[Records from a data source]
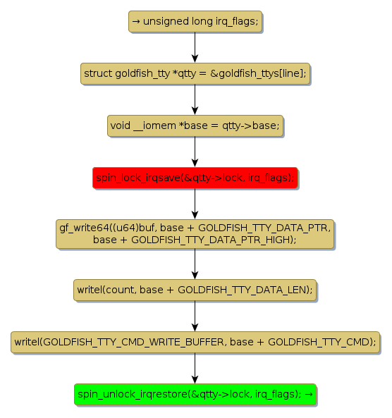 spin lock @ [1713+42+/linux-3.19-rc1/drivers/tty/goldfish.c]
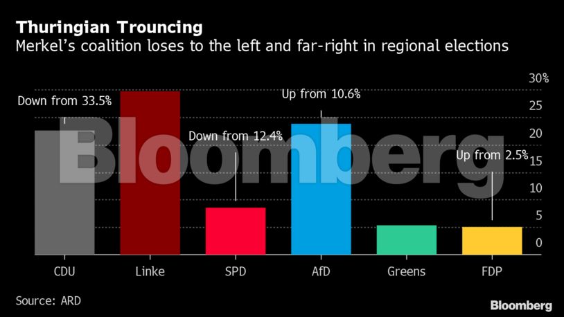 Έδαφος έχασαν οι Χριστιανοδημοκράτες (CDU) της Άνγκελα Μέρκελ στις περιφερειακές εκλογές που διεξήχθησαν την Κυριακή στο ανατολικό κρατίδιο της Θουριγγίας καθώς κατετάγησαν στην τρίτη θέση.
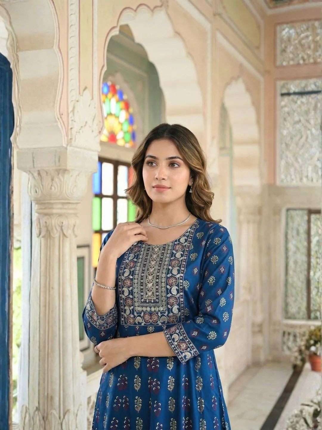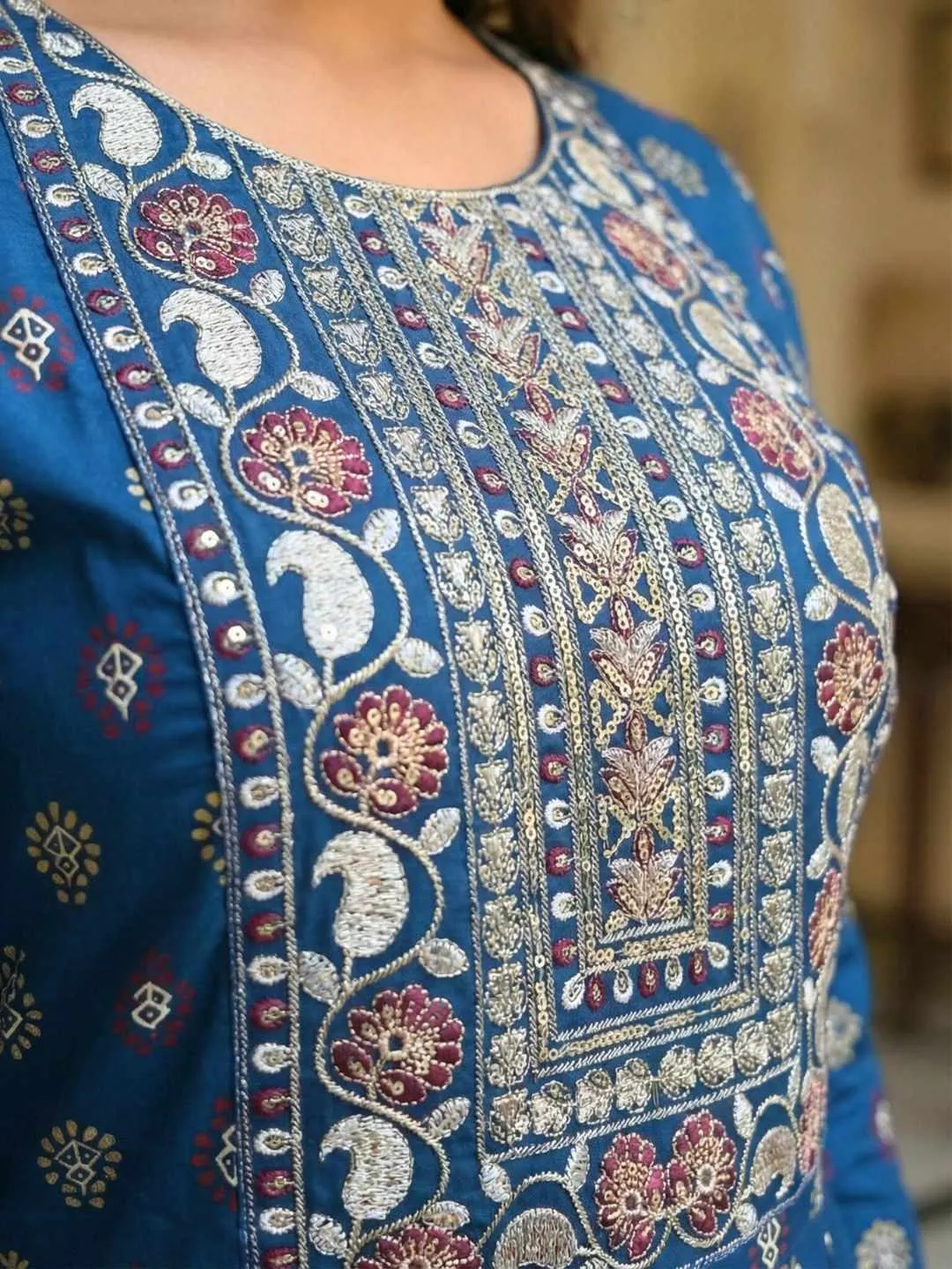 Photogenic: The rich blue color contrasts beautifully with the embroidery, ensuring you look radiant in photos.
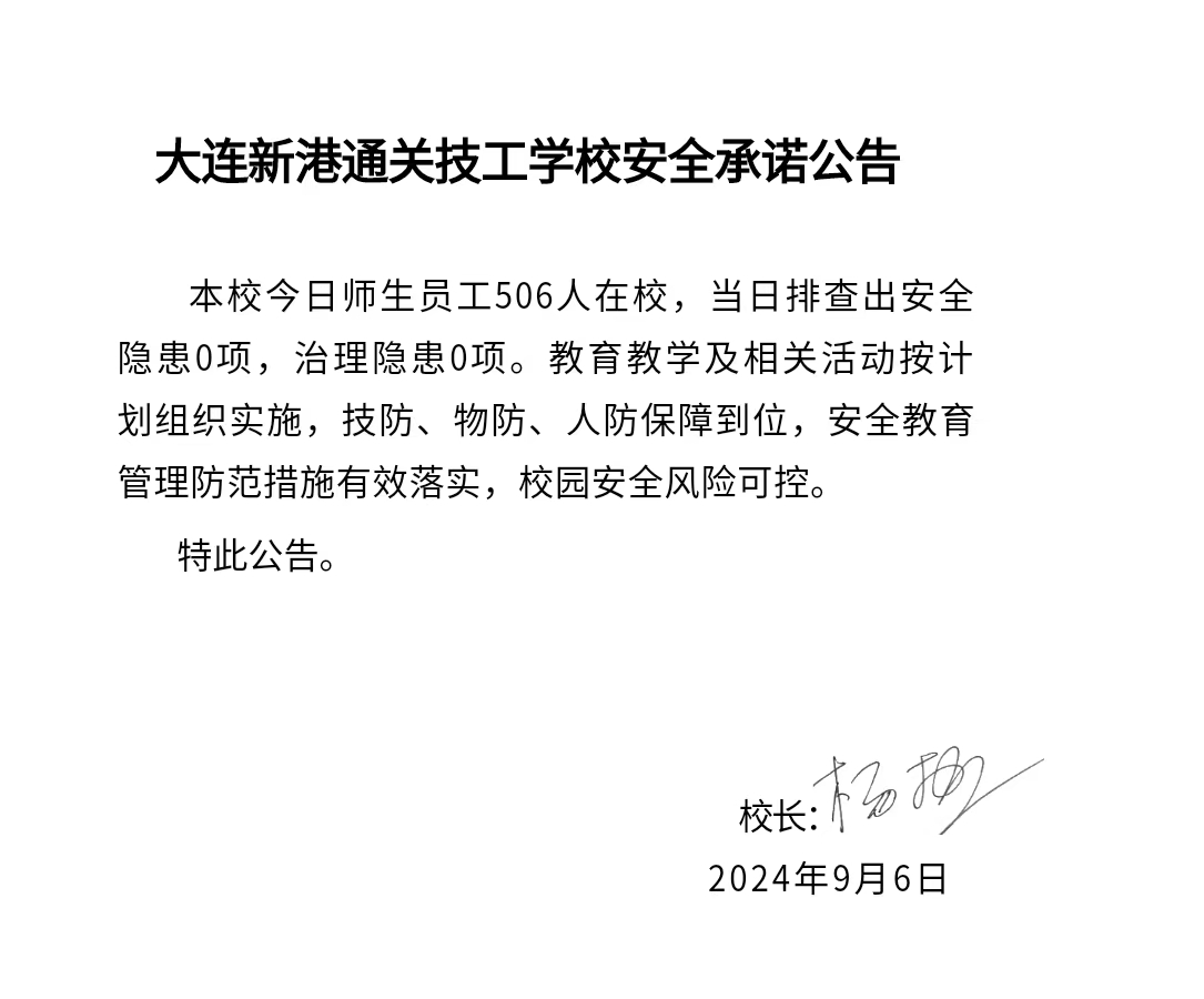 大连新港通关技工学校安全通告(2024年9月6日)
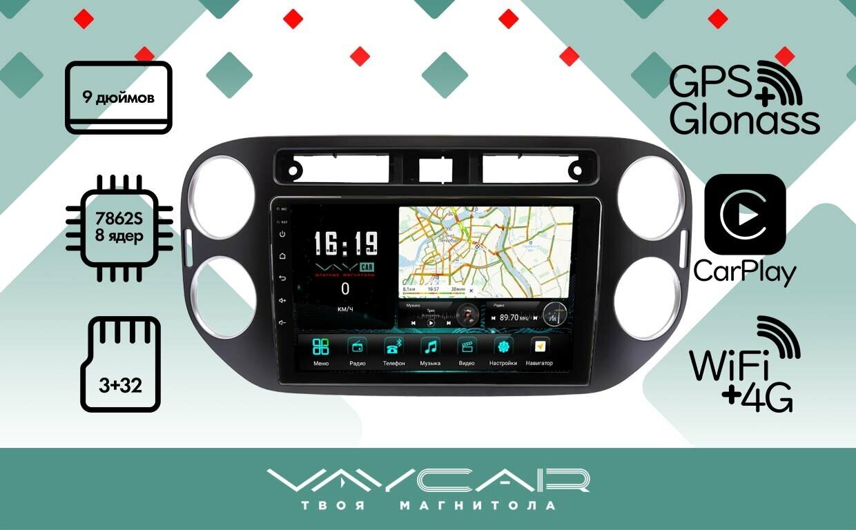 Магнитола Vaycar 09V3 для VOLKSWAGEN Tiguan 2007-2016 (Андроид, 3+32, 8 ядер, WiFi, BT, 4G, GPS, QLED 9") информация:
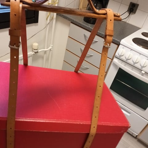Kankaiset, nahkaremeli kiinnitys. Pituus 32cm,leveys 8.5cm.
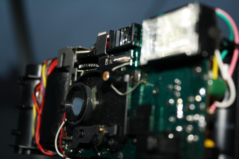 Keywords: camera circuit board electronics old recycling resistance soldering disruption isärplockad open closeup technical
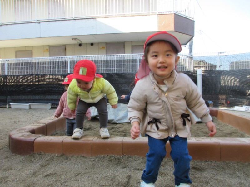 今日は園庭で遊びました。 砂場の枠を使用し、20cm程の高さから、園庭に 向かって両足ジャンプを行い..
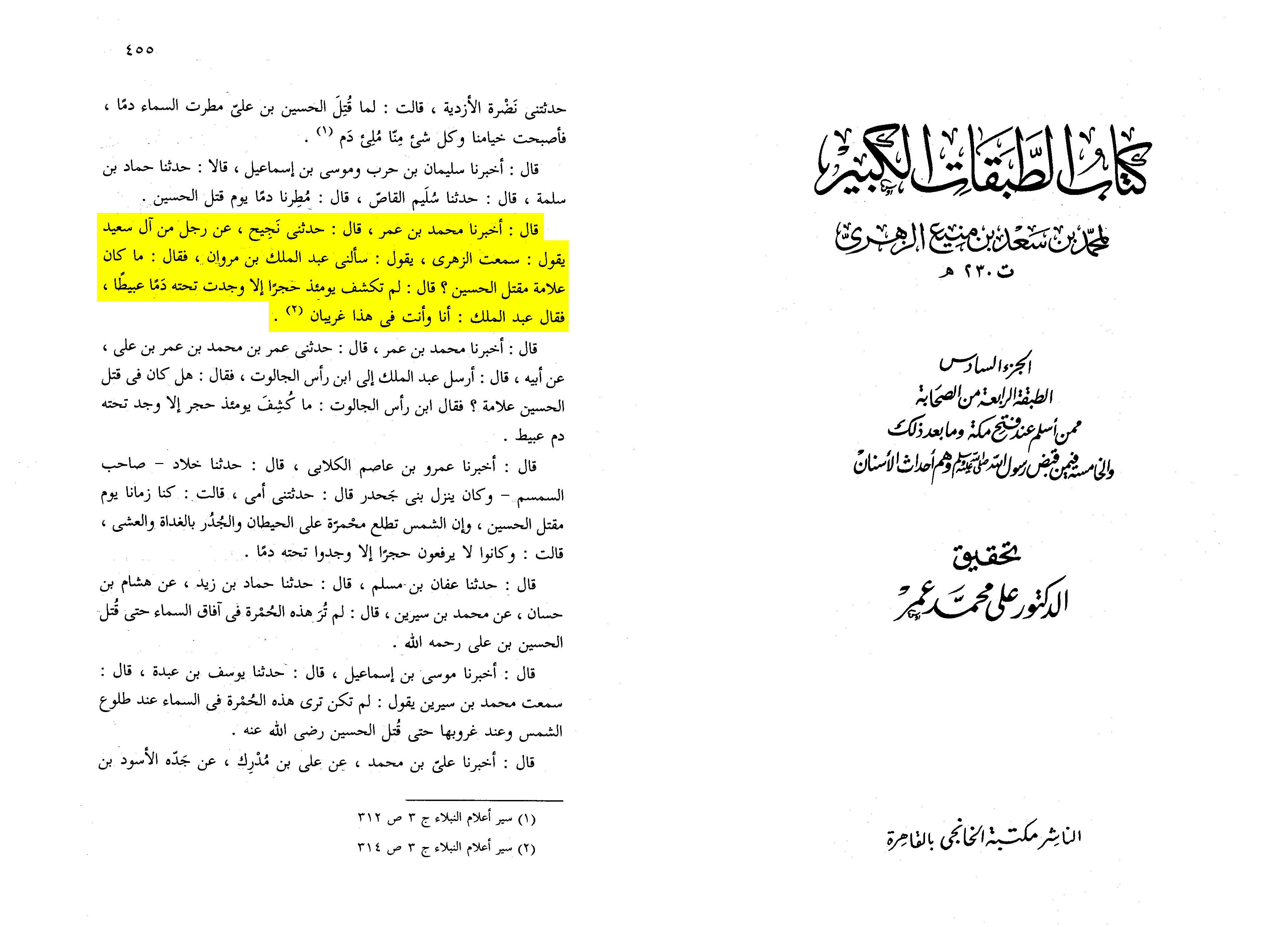 … And then Sulayman and his companions made a circle around the tomb and Sulayman said, "Praise be to God who, if He had wished, would have honored us with martyrdom with al Husayn. Oh my God, since you forbade us it together with him, do not forbid us it on his account after him."
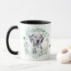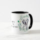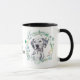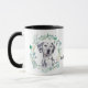 "LOVE MY DALMATIAN" declares this mug for the fan of the Dalmatian Dog. Each side of the mug has a beautiful watercolor portrait of a Dal in a blue green leaf wreath. Between the two images is the text, which may be easily customised, or even removed, by you.
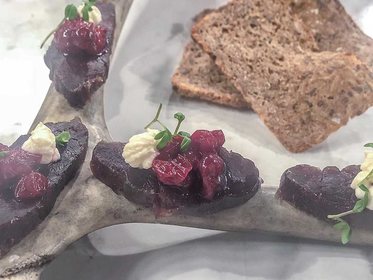 Whiskygravat renkalvinnanlår med surdegskrutonger och lingon
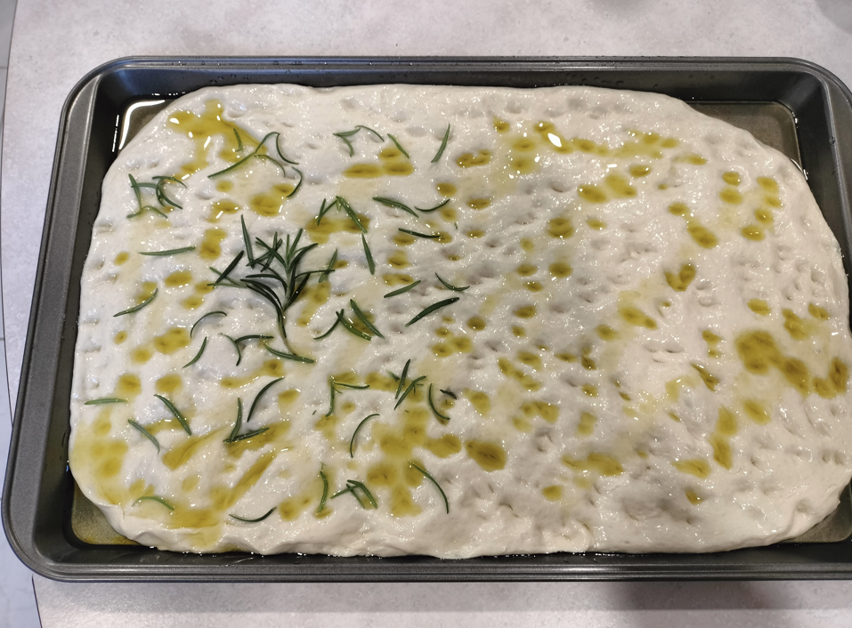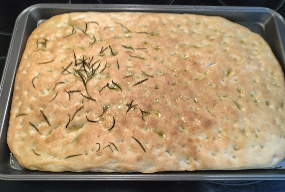 A quick and easy classic rosemary focaccia is staple dish. Not much to note other than the fresh rosemary that add a perfect touch. Great on its own straight out of the oven or with some refreshing toppings.
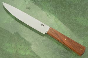 The handle is made from African Mopane (Colophospermum mopane). Mopane an extremely dense wood with nearly unrivaled durability. Handle scales are set on the distal tapered full tang using brass pins.
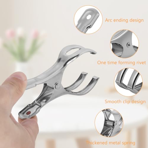 - متعددة الأغراض: مشابك فوط الشاطئ المصنوعة من الفولاذ المقاوم للصدأ ليست رائعة فقط لتثبيت الفوط على كراسي الشاطئ أو كراسي التشمس أو كراسي حمام السباحة، ولكن يمكن استخدامها أيضًا لتثبيت اللحاف أو الملايات أو الستائر أو الملابس أو الشرابات أو غيرها من العناصر الصغيرة لمنعها من التطاير في الأيام العاصفة.

What the task asks
Give back each line above verbatim, dropping every picture.

Exercise response
 spin lock @ [1713+42+/linux-3.19-rc1/drivers/tty/goldfish.c]
 Έδαφος έχασαν οι Χριστιανοδημοκράτες (CDU) της Άνγκελα Μέρκελ στις περιφερειακές εκλογές που διεξήχθησαν την Κυριακή στο ανατολικό κρατίδιο της Θουριγγίας καθώς κατετάγησαν στην τρίτη θέση.
 Photogenic: The rich blue color contrasts beautifully with the embroidery, ensuring you look radiant in photos.
 大连新港通关技工学校安全通告(2024年9月6日)
 Магнитола Vaycar 09V3 для VOLKSWAGEN Tiguan 2007-2016 (Андроид, 3+32, 8 ядер, WiFi, BT, 4G, GPS, QLED 9") информация:
Kankaiset, nahkaremeli kiinnitys. Pituus 32cm,leveys 8.5cm.
 Keywords: camera circuit board electronics old recycling resistance soldering disruption isärplockad open closeup technical
 今日は園庭で遊びました。 砂場の枠を使用し、20cm程の高さから、園庭に 向かって両足ジャンプを行い..
 … And then Sulayman and his companions made a circle around the tomb and Sulayman said, "Praise be to God who, if He had wished, would have honored us with martyrdom with al Husayn. Oh my God, since you forbade us it together with him, do not forbid us it on his account after him."
 "LOVE MY DALMATIAN" declares this mug for the fan of the Dalmatian Dog. Each side of the mug has a beautiful watercolor portrait of a Dal in a blue green leaf wreath. Between the two images is the text, which may be easily customised, or even removed, by you.
 Whiskygravat renkalvinnanlår med surdegskrutonger och lingon
 A quick and easy classic rosemary focaccia is staple dish. Not much to note other than the fresh rosemary that add a perfect touch. Great on its own straight out of the oven or with some refreshing toppings.
 The handle is made from African Mopane (Colophospermum mopane). Mopane an extremely dense wood with nearly unrivaled durability. Handle scales are set on the distal tapered full tang using brass pins.
 - متعددة الأغراض: مشابك فوط الشاطئ المصنوعة من الفولاذ المقاوم للصدأ ليست رائعة فقط لتثبيت الفوط على كراسي الشاطئ أو كراسي التشمس أو كراسي حمام السباحة، ولكن يمكن استخدامها أيضًا لتثبيت اللحاف أو الملايات أو الستائر أو الملابس أو الشرابات أو غيرها من العناصر الصغيرة لمنعها من التطاير في الأيام العاصفة.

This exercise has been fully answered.